▶ _Supplied material_

· · · · · · ·

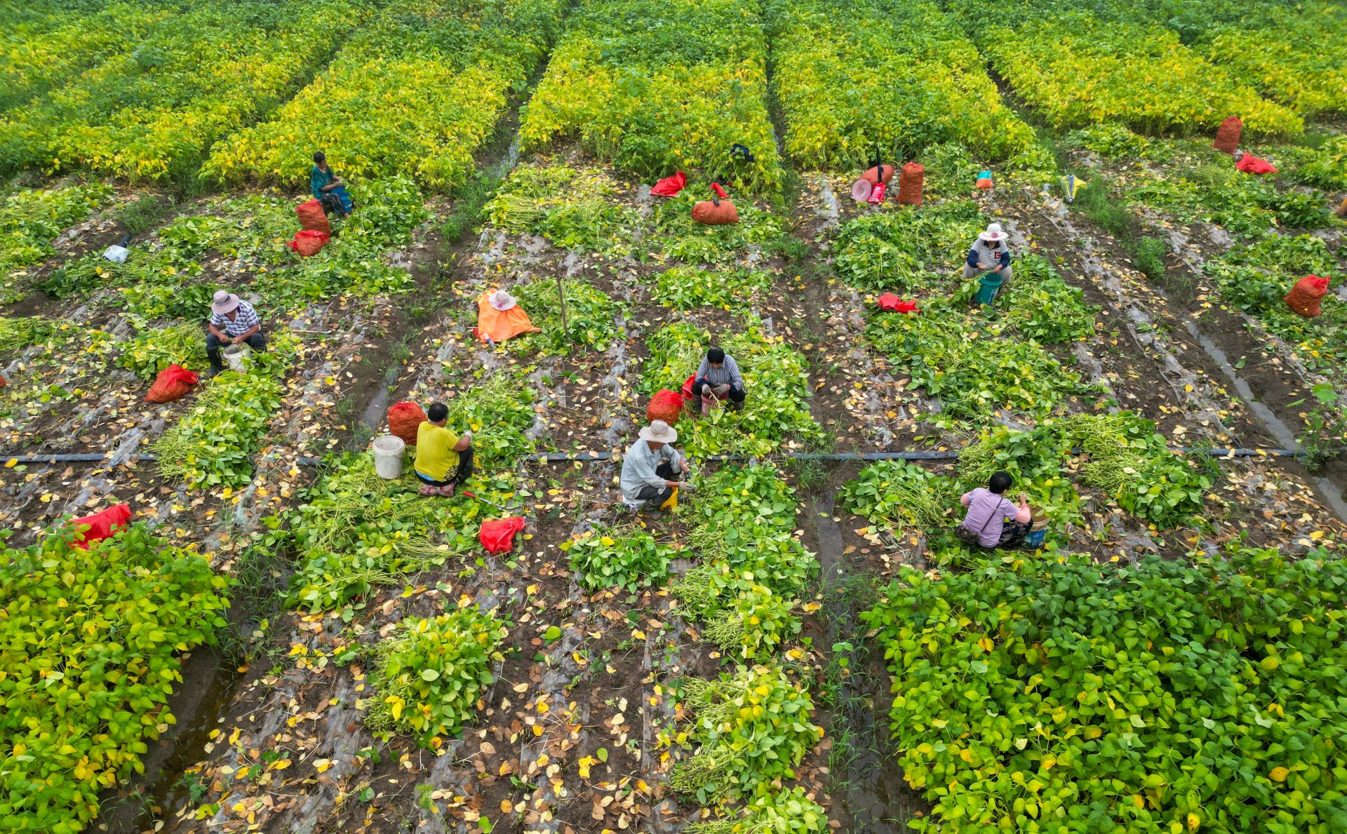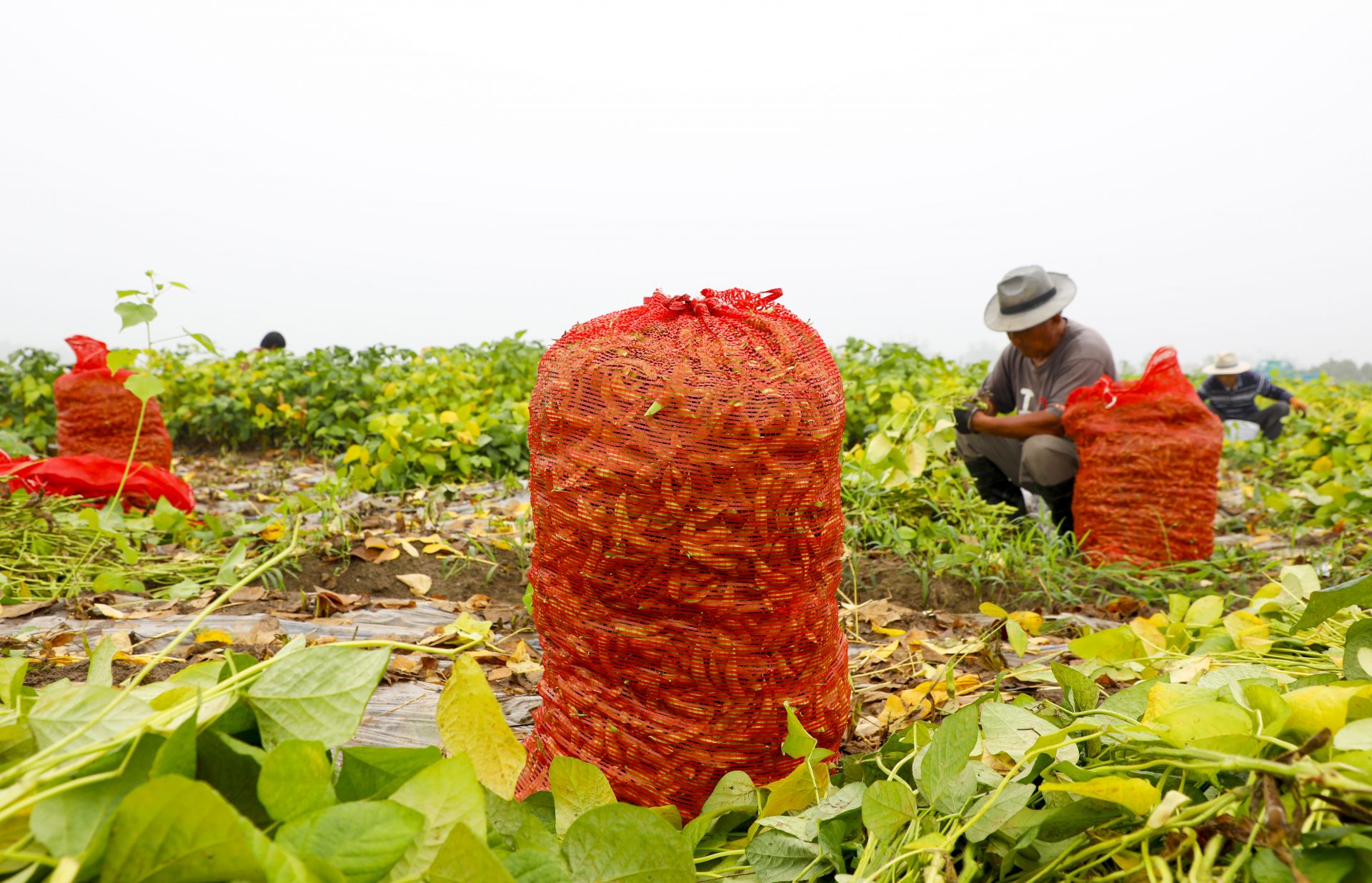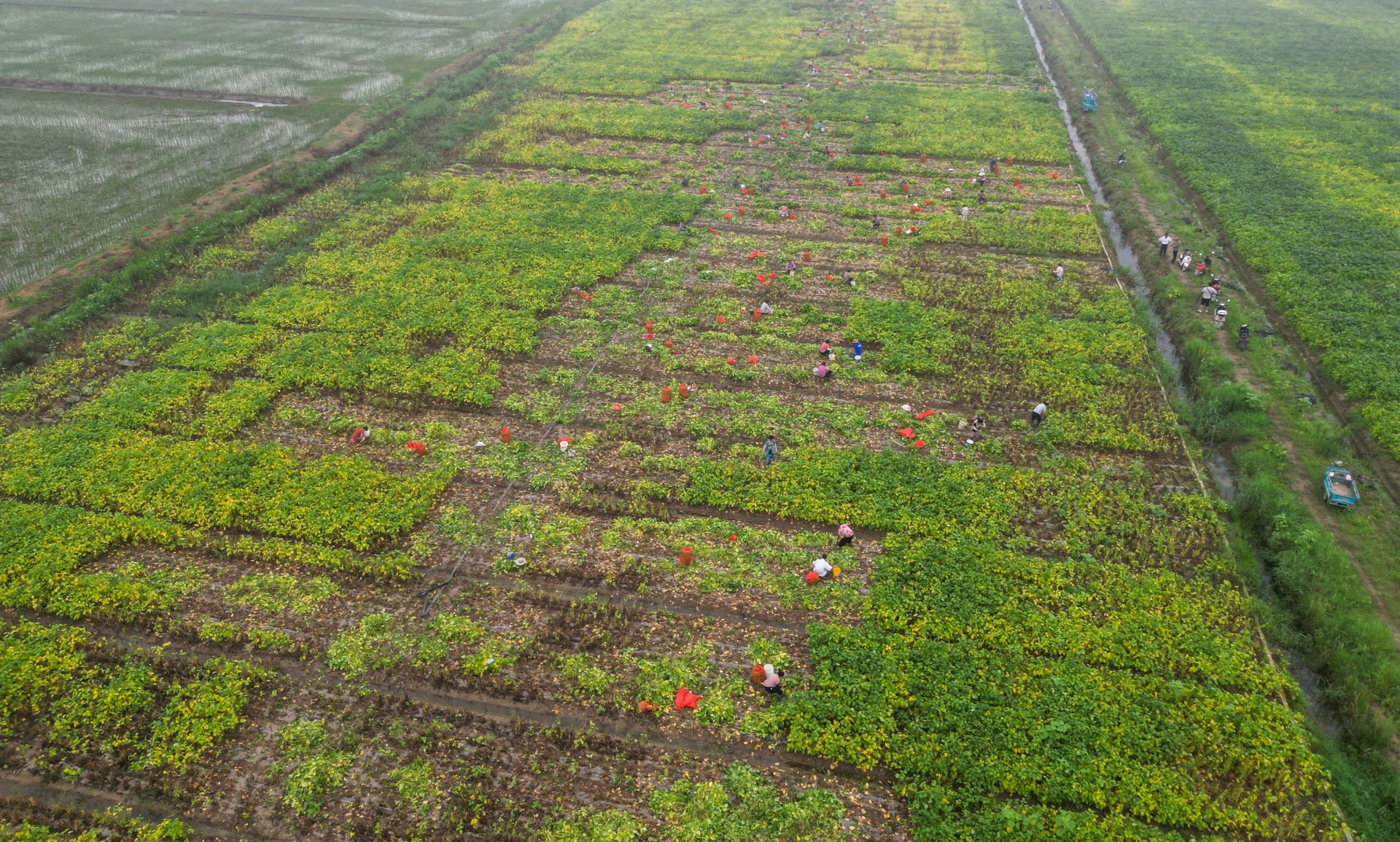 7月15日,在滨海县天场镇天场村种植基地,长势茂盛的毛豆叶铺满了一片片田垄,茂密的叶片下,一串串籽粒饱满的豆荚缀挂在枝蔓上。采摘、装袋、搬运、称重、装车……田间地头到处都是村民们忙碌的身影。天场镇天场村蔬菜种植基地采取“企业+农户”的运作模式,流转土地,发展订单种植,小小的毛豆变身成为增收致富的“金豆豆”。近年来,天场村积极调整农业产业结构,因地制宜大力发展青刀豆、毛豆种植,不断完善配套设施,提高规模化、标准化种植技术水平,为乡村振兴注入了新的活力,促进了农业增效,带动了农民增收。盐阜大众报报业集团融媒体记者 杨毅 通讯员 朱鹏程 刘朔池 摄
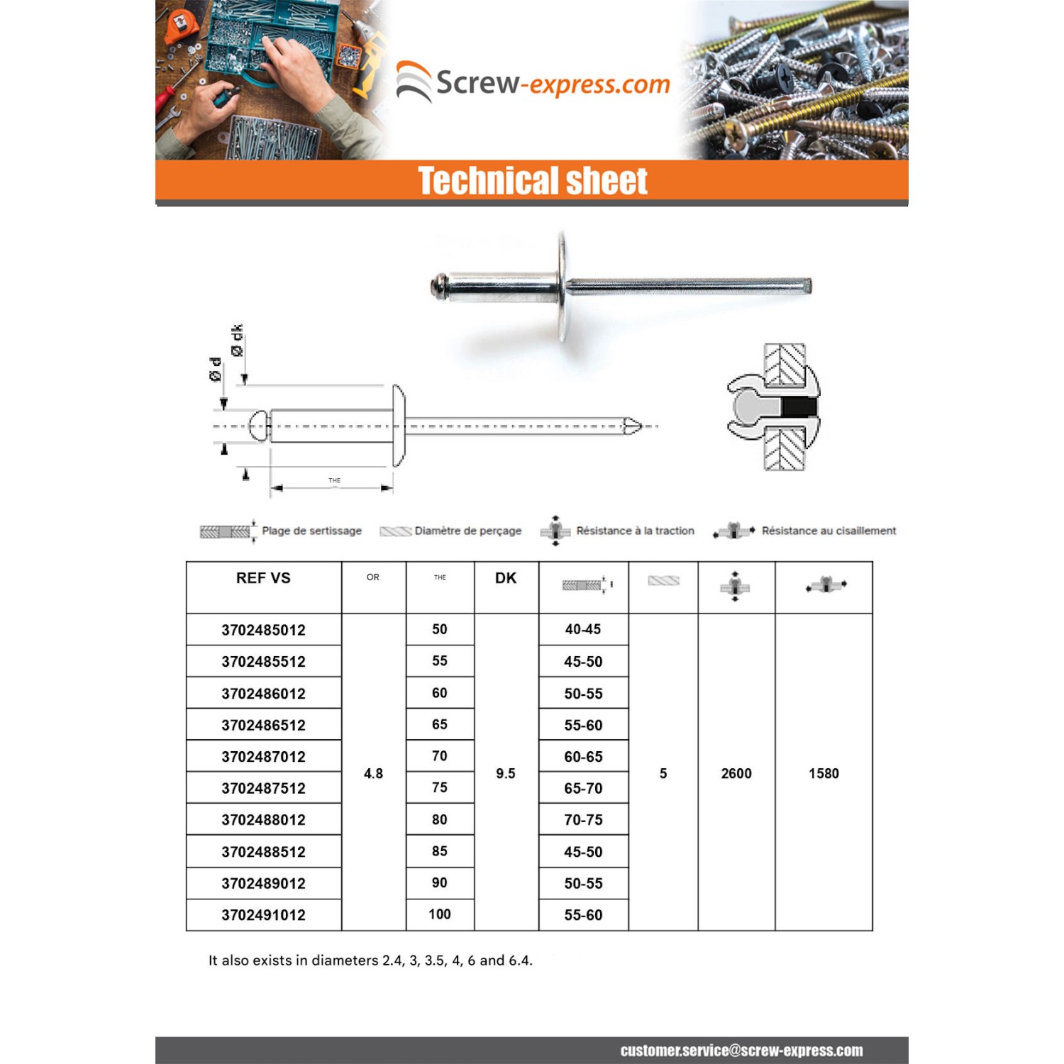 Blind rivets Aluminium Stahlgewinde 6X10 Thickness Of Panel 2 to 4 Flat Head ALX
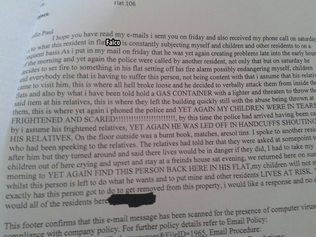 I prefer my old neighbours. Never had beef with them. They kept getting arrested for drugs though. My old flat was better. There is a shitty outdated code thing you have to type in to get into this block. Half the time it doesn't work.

· · · · · · ·

▶ _Task goal_
Set the data above down again exactly as given, with no pictures.

▶ _Completed task_
 7月15日,在滨海县天场镇天场村种植基地,长势茂盛的毛豆叶铺满了一片片田垄,茂密的叶片下,一串串籽粒饱满的豆荚缀挂在枝蔓上。采摘、装袋、搬运、称重、装车……田间地头到处都是村民们忙碌的身影。天场镇天场村蔬菜种植基地采取“企业+农户”的运作模式,流转土地,发展订单种植,小小的毛豆变身成为增收致富的“金豆豆”。近年来,天场村积极调整农业产业结构,因地制宜大力发展青刀豆、毛豆种植,不断完善配套设施,提高规模化、标准化种植技术水平,为乡村振兴注入了新的活力,促进了农业增效,带动了农民增收。盐阜大众报报业集团融媒体记者 杨毅 通讯员 朱鹏程 刘朔池 摄
 Blind rivets Aluminium Stahlgewinde 6X10 Thickness Of Panel 2 to 4 Flat Head ALX
 I prefer my old neighbours. Never had beef with them. They kept getting arrested for drugs though. My old flat was better. There is a shitty outdated code thing you have to type in to get into this block. Half the time it doesn't work.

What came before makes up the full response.